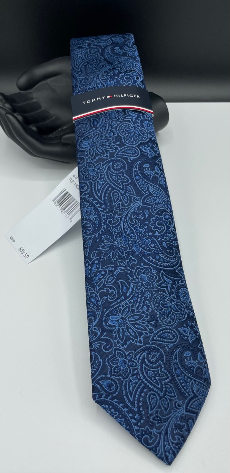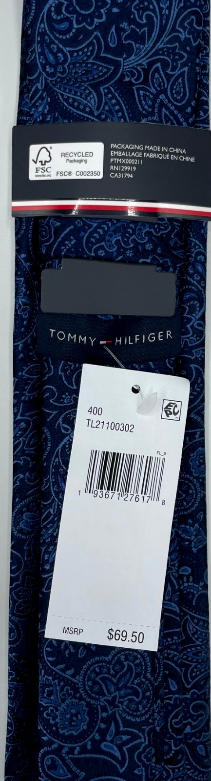 Tommy Hilfiger Men's Silk Blend Tie Navy Blue Paisley NEW MSRP: 69.50
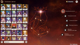 На аккаунте есть из ивент лег - Чжун Ли С1, Эола, Е лань, Флинс, Аято,Шилонен
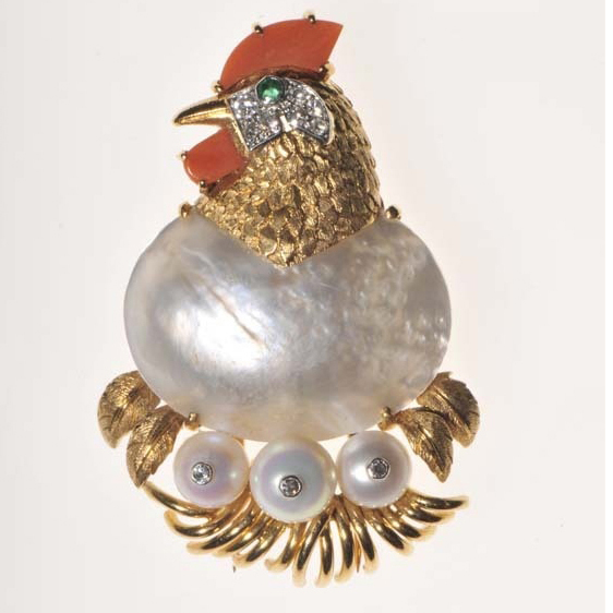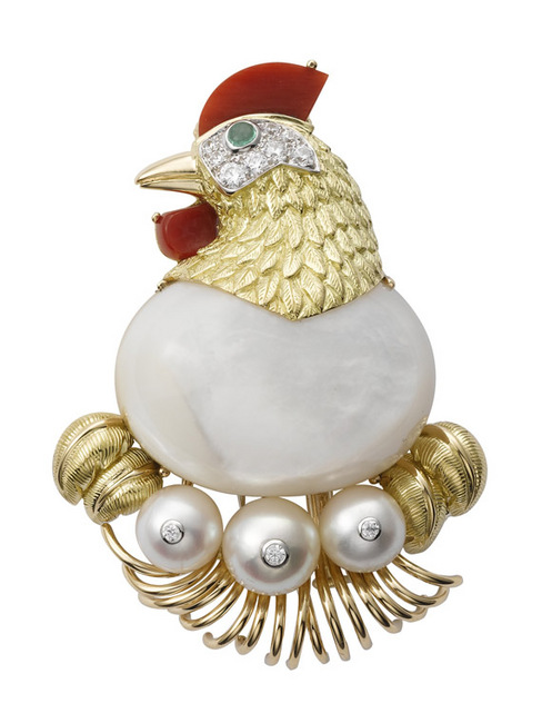 ▼以1957年製作的母雞造型造型胸針為藍本(左為原版)
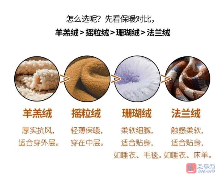 羊羔绒穿在外层,厚实抗风摇粒绒穿在中层,轻薄保暖珊瑚绒适合贴身,多见于冬天睡衣、毛毯法兰绒适合贴身,触感柔软,多见于睡衣、围巾之类的
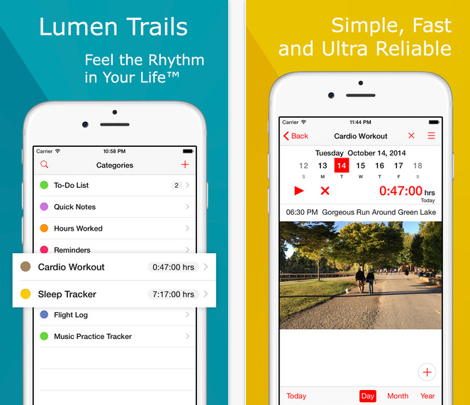 Lumen Trails Time Tracker vám umožní zapisovat si poznámky, vytvářet seznamy a sledovat všelijaké věci ve vašem životě jako např. čas, cvičení, výdaje, kalorie, váhu – prostě cokoliv co vás napadne. Kouzlo této aplikace spočívá právě v nepřeberném množství aktivit, které můžete sledovat a také v jednoduchosti a krásném designu.

[Work task]
Please output the entries above exactly, leaving out every picture.

[Solution for this problem]
 Tommy Hilfiger Men's Silk Blend Tie Navy Blue Paisley NEW MSRP: 69.50
 На аккаунте есть из ивент лег - Чжун Ли С1, Эола, Е лань, Флинс, Аято,Шилонен
 ▼以1957年製作的母雞造型造型胸針為藍本(左為原版)
 羊羔绒穿在外层,厚实抗风摇粒绒穿在中层,轻薄保暖珊瑚绒适合贴身,多见于冬天睡衣、毛毯法兰绒适合贴身,触感柔软,多见于睡衣、围巾之类的
 Lumen Trails Time Tracker vám umožní zapisovat si poznámky, vytvářet seznamy a sledovat všelijaké věci ve vašem životě jako např. čas, cvičení, výdaje, kalorie, váhu – prostě cokoliv co vás napadne. Kouzlo této aplikace spočívá právě v nepřeberném množství aktivit, které můžete sledovat a také v jednoduchosti a krásném designu.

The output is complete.